At home, we never spoke about what the communists did to us
Petr Kubánek was born on November 9, 1943 in London to Czechoslovak parents. He has younger brother Jiří, who was born in London as well, and sisters René and Jana, who were later born in Czechoslovakia. The family lives in the Vinohrady neighbourhood in Prague. Their father comes from Prague and their mother from Kyškovice near Roudnice nad Labem. The parents met in France where Petr’s mother worked at first as an au pair and later as a clerk at the Czechoslovak consulate in Marseille. Petr’s father, who held a doctoral degree in law, was one of the cofounders of the Czechoslovak Regiment of Army Volunteers in France and later he served in the 310th Fighter Squadron in Great Britain.

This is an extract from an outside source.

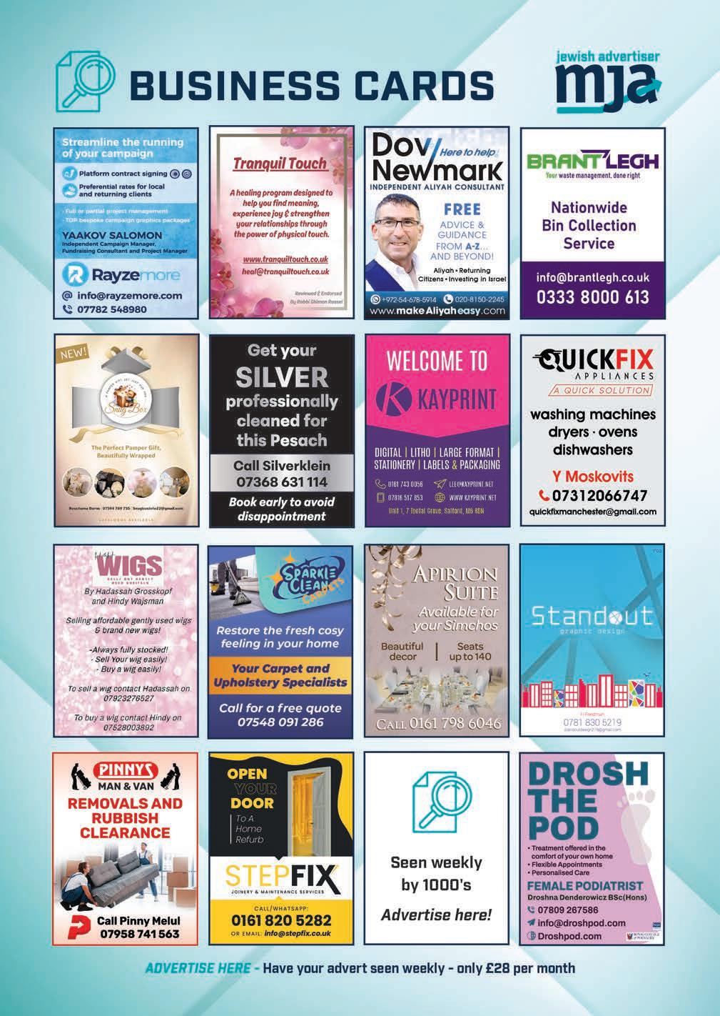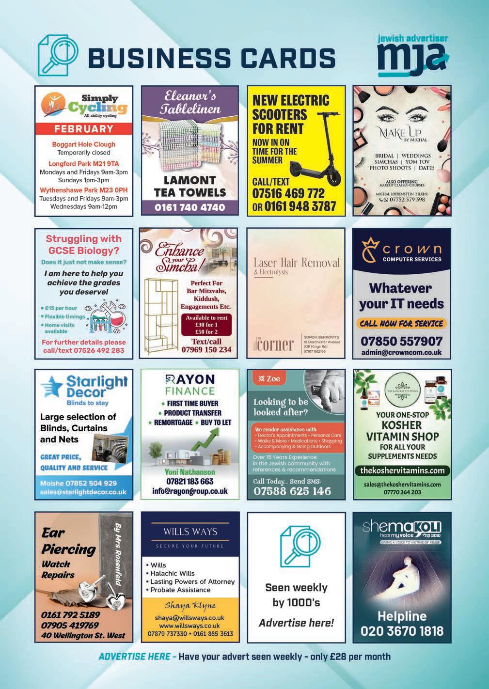 SIMCHA ERRANDS. Making a simcha? Don’t have a car? Lifts available evenings and weekends, 0161 795 7068 / 07434 519316 ◄

After his return to Czechoslovakia he lost his job at the ministry and for the rest of his life he then worked as a fitter at construction sites. Petr Kubánek attended K. V. Rais Elementary School in Prague-Vinohrady, then a grammar school and he graduated from the production department at FAMU (The Film and TV School of the Academy of Performing Arts in Prague). He was employed in ČST (Czechoslovak Television) for his entire life, at first in the department of current affairs where he worked together with many famous personalities of journalism, but when the communists later disbanded the department after 1968, he moved to the music production department. In the 1960s he suffered an injury while doing his military service and practicing a human pyramid during a rehearsal for the Spartakiade mass gymnastics event. The accident left his arm permanently immobile from the elbow down. Although he cooperated with foreign journalists in 1968 at the time of the Prague Spring and he met Winston Churchill Jr. and other personalities, he never decided for emigration due to his injured arm. His mother’s family faced strong persecution. Later, when he retired, Petr worked on translating films. He is fluent in French and English. With his wife they have three sons and he still lives in Vinohrady.